## EXERCISE DATA
+++
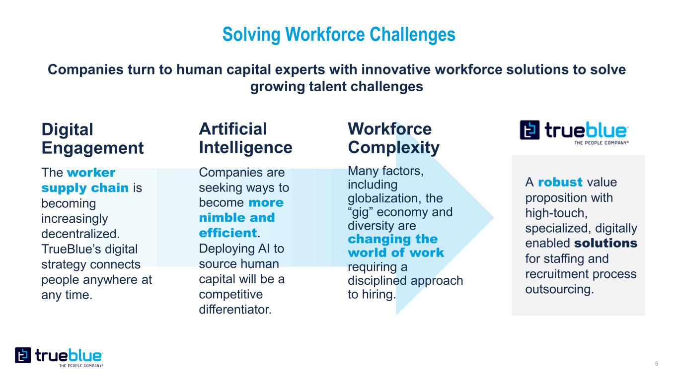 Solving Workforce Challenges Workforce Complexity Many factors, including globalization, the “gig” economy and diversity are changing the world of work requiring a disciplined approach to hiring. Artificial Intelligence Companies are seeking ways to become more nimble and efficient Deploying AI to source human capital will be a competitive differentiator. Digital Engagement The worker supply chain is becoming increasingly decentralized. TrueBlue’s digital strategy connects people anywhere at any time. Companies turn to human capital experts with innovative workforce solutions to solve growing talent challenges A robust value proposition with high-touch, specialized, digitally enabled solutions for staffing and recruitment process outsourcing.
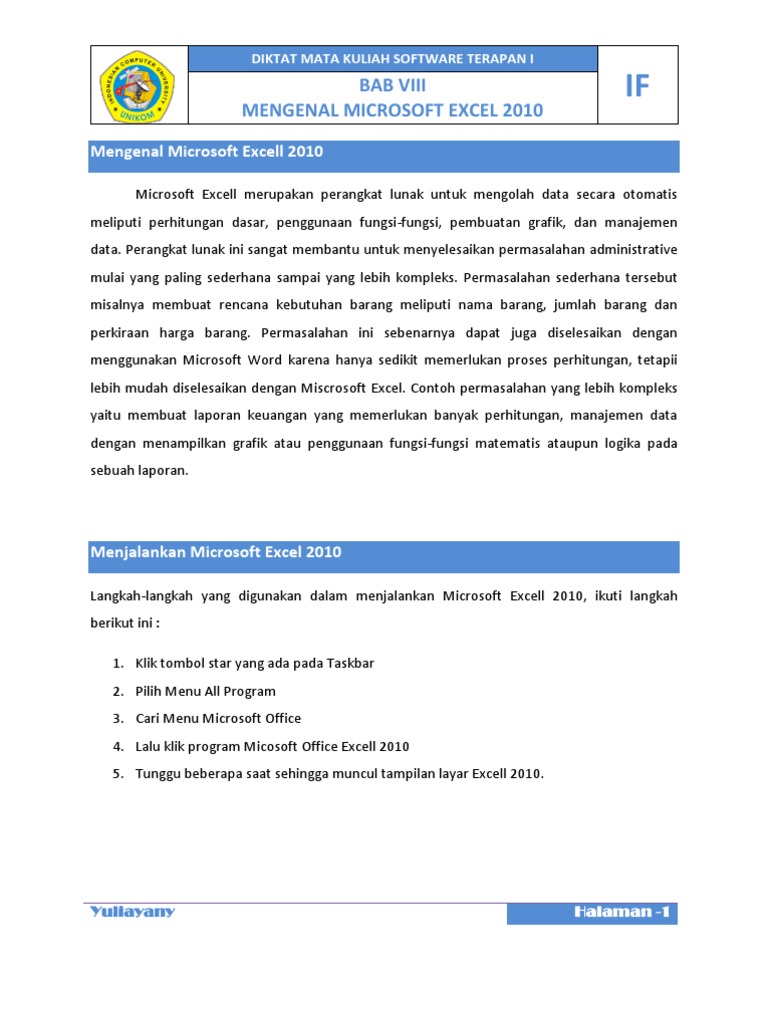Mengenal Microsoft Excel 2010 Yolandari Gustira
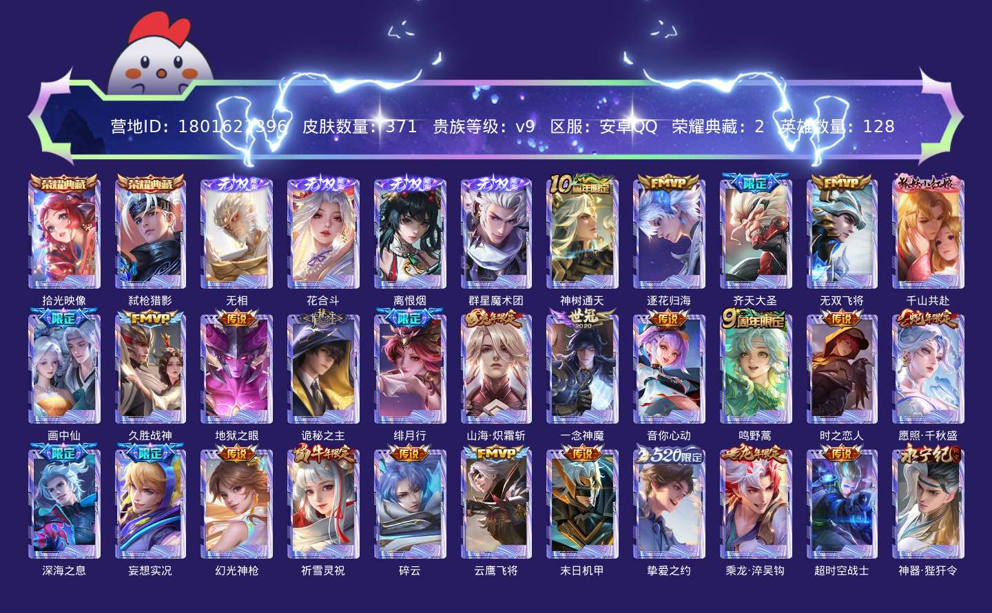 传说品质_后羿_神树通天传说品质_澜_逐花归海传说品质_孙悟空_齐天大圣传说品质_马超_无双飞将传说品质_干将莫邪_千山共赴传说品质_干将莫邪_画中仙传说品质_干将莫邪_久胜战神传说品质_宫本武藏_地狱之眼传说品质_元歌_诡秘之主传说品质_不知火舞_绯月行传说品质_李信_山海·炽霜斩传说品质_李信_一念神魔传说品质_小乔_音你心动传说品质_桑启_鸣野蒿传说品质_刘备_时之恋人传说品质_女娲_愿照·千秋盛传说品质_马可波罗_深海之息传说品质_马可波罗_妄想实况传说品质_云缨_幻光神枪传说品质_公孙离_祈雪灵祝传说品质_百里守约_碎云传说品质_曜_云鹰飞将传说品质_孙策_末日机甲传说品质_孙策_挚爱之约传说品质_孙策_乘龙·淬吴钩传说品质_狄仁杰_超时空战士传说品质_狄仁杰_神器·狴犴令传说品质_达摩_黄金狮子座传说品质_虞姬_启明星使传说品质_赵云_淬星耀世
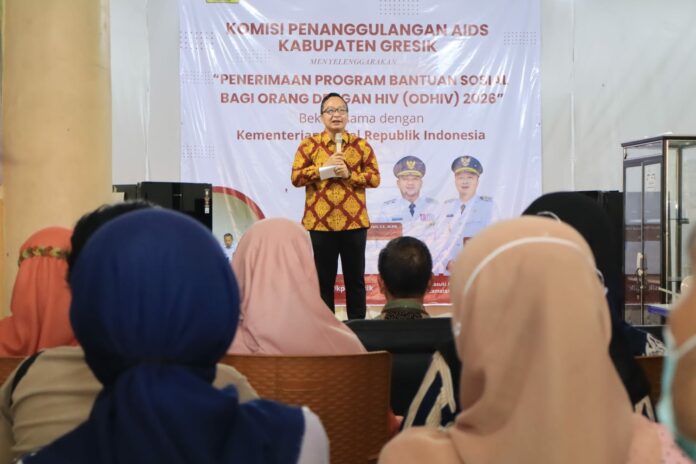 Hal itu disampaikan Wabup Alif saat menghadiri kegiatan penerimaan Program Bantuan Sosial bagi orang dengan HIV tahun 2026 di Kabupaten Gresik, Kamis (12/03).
+++
Transcribe, please, the lines from the one holding "Mengenal Microsoft Excel" to the final line of the material, both included, exactly and with no extra lines, and skip the pictures.

## OUTPUT OF THE TASK
Mengenal Microsoft Excel 2010 Yolandari Gustira
 传说品质_后羿_神树通天传说品质_澜_逐花归海传说品质_孙悟空_齐天大圣传说品质_马超_无双飞将传说品质_干将莫邪_千山共赴传说品质_干将莫邪_画中仙传说品质_干将莫邪_久胜战神传说品质_宫本武藏_地狱之眼传说品质_元歌_诡秘之主传说品质_不知火舞_绯月行传说品质_李信_山海·炽霜斩传说品质_李信_一念神魔传说品质_小乔_音你心动传说品质_桑启_鸣野蒿传说品质_刘备_时之恋人传说品质_女娲_愿照·千秋盛传说品质_马可波罗_深海之息传说品质_马可波罗_妄想实况传说品质_云缨_幻光神枪传说品质_公孙离_祈雪灵祝传说品质_百里守约_碎云传说品质_曜_云鹰飞将传说品质_孙策_末日机甲传说品质_孙策_挚爱之约传说品质_孙策_乘龙·淬吴钩传说品质_狄仁杰_超时空战士传说品质_狄仁杰_神器·狴犴令传说品质_达摩_黄金狮子座传说品质_虞姬_启明星使传说品质_赵云_淬星耀世
 Hal itu disampaikan Wabup Alif saat menghadiri kegiatan penerimaan Program Bantuan Sosial bagi orang dengan HIV tahun 2026 di Kabupaten Gresik, Kamis (12/03).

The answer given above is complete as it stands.